To find the local extreme values (points where the function has a maximum or minimum), we need to examine the behavior of the function around the critical points and within the given intervals.

The critical points are:
- x = 0 (found from y' = 0)
- x = 1 (found from y' = 0, with multiplicity 2)

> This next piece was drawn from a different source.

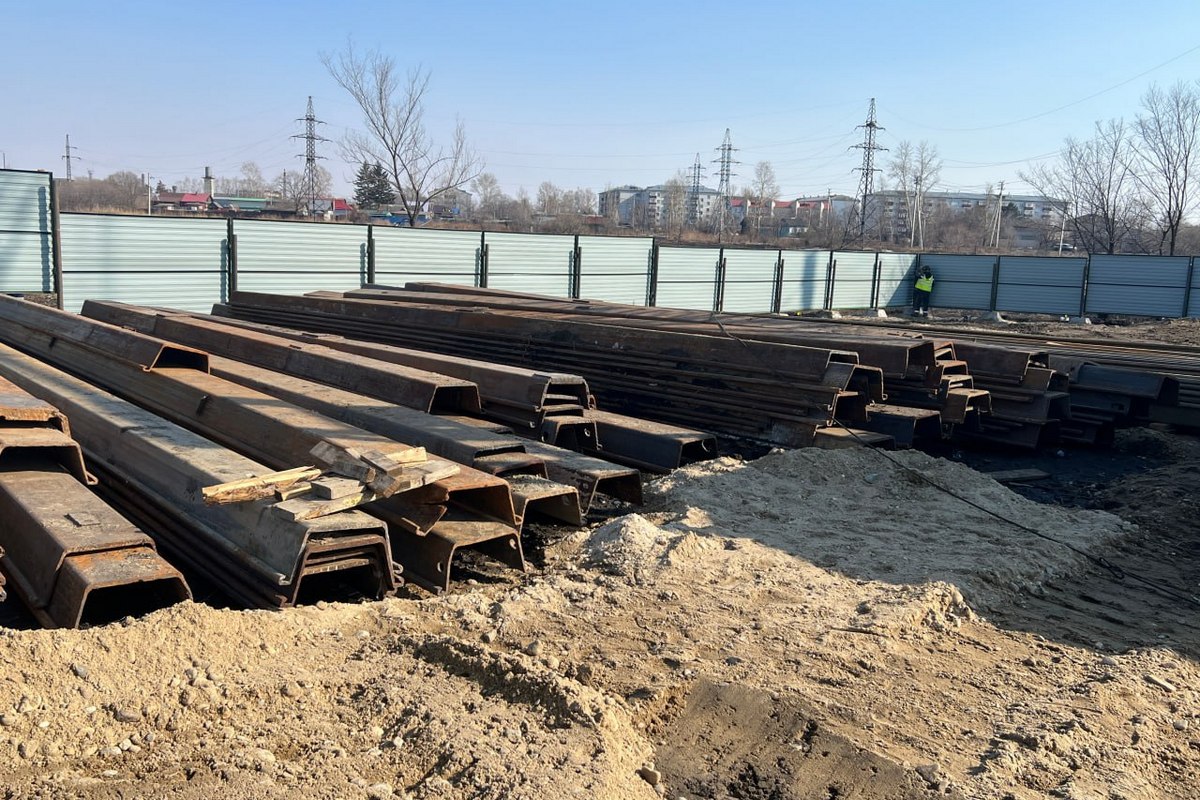 Такой метод позволяет работать с мерзлым грунтом. После начнется возведение шпунтового ограждения. Оно будет состоять из 118 железных элементов. Погружать шпунты будут специальным вибропогружателем и краном грузоподъемностью 100 тонн. А после возведения шпунтового ограждения специалисты займутся строительством подземного железобетонного резервуара объемом более 550 кубических метров.

To determine if these points are local maximum or minimum, we can use the first or second derivative test.

For x = 0:
Substitute x = 0 into y:
y(0) = (1/4)(0)^4 - (2/3)(0)^3 + (1/2)(0)^2 - 3 = -3
Since there is no interval around x = 0 where the function changes from increasing to decreasing or vice versa, there is no local extreme value at x = 0.

For x = 1:
Substitute x = 1 into y:
y(1) = (1/4)(1)^4 - (2/3)(1)^3 + (1/2)(1)^2 - 3 = -9/12 = -3/4
Since there is a change in behavior from increasing to decreasing at x = 1, there is a local maximum at (1, -3/4).

Therefore, we have determined the local extreme values:

e. Local extreme values: (1, -3/4) - local maximum

Finally, to find the inflection points (the points where the concavity changes), we need to look for the points where the second derivative changes sign.

The critical point for the second derivative is:
- x = 1/3 (found from y'' = 0)

Substitute x = 1/3 into y:
y(1/3) = (1/4)(1/3)^4 - (2/3)(1/3)^3 + (1/2)(1/3)^2 - 3 = -499/216

Therefore, we have determined the inflection point:

f. Inflection point: (1/3, -499/216)

In summary, the exact intervals for the function y = (1/4)x^4 - (2/3)x^3 + (1/2)x^2 - 3 are:

a. Increasing: (0, infinity)
b. Decreasing: (-infinity, 0)
c. Concave up: (-infinity, 1/3) U (1, infinity)
d. Concave down: (1/3, 1)

With the local extreme value at (1, -3/4) as a local maximum and the inflection point at (1/3, -499/216).